Many of you have not heard that — as the proposal submitted to the Regional Economic Development Council by Cornell Cooperative Extension — in the Southern Tier alone, upgrading homes and businesses for energy efficiency would leverage over $1.2 Billion in private capital, promote the growth of over 150 energy efficiency contracting businesses, create more than 4,000 jobs and provide savings for nearly every household in the region with cumulative savings of over $150 million per year staying in our pockets.

It’s up to local government to protect us.The gas companies have been given exemptions at every level: international, federal, stateLocal government is the only collective venue left strong enough for citizens to protect themselves.

Contrary to what some tonight have said, we have a responsibility to our citizens to protect the health and welfare of our community.

We are responsible as a Town Board for representing everyone. The five of us sitting at this table represent and must be advocates for everyone who is affected by our decisions, even if they are not present today – and this includes children and future generations.

When one-half of registered voters in Caroline request the Town board to do something, it is our responsibility to make a courageous attempt to honor their request and to be their advocate and try every available option.

This resolution tonight is not a ban on drilling – it’s to simply investigate whether it’s possible. We haven’t even done the research. Let’s pay an attorney. Let’s pay multiple attorneys.

We face uncertainty. We don’t know what the state’s final regulations will be around preemption in ECL 23-0303, or if Dryden’s law will hold in court, or if Caroline ourselves would be sued.

What we do know is we have received a petition signed by half of registered voters in this community — with 71% of people approached signing — requesting we be their advocate.

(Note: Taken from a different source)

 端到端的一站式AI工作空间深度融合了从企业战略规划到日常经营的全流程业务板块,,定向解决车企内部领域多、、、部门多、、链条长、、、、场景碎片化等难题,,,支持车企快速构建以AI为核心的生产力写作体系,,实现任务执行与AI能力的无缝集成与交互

Just as the impacts of household decisions can extend beyond borders of private property, the impacts of our town policy extend beyond the town’s borders.

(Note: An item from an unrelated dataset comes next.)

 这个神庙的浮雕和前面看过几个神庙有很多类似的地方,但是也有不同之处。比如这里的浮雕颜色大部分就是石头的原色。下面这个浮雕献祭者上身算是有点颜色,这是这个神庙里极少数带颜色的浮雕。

Caroline is the watershed for the City of Ithaca. Other towns bordering the watershed — Danby, Dryden, and the Town of Ithaca — have all banned. If the bans hold up in court, and Caroline allows fracking, and despite have “safe operators,” a chemical spill contaminates our water…

Do you really think that the Town of Caroline would notbe sued by the City of Ithaca, Ithaca College, Cornell University, Cayuga Medical Center, or all who draw their water in streams and lakes fed by Six Mile Creek for failing to take every reasonable measure to protect their water supply when we had the chance?

If we are to risk, I would risk that we placed the health of our citizens over avoiding lawsuits from foreign corporation. I would risk that we placed the concern for the downstream effects of our actions over the potential for trickle-down money to some in our community. I would risk that we placed the potential for future generations of our farmers to till healthy soil over the potential for future generations of farmers to ask why no one buys food produced in their contaminated soils. I would risk we advocate for our citizen’s right to choose their future over decisions by ceding home rule to Albany. Lastly, if I were to risk, I would risk that we used this moment to recommit to our vision for community we are proud to leave for the next 20 and for the next 200 years.

In the end, that’s what this vote is in about: an opportunity to recommit what is most important to us as a community.

This resolution calls on us as elected leaders to do our due diligence; to seek the best legal advice from as many attorneys as necessary to protect the health and welfare of our citizens.

And this resolution is about hope.

Hope that every farmer for another seven generations can earn a decent living on their land.

Hope that our kids can play outside without fear.

Hope that we create work that contributes to our community.

Hope that a shy kid from the woods can be given the opportunity to serve his community.

Hope that we can meet whatever challenges come our way.

On behalf of past, present, and future Caroline citizens, I cast my vote for investigating every available means to protect our town, our water, air, community, roads, housing values, safety, farmland, rural hillsides, local economy, and our democracy.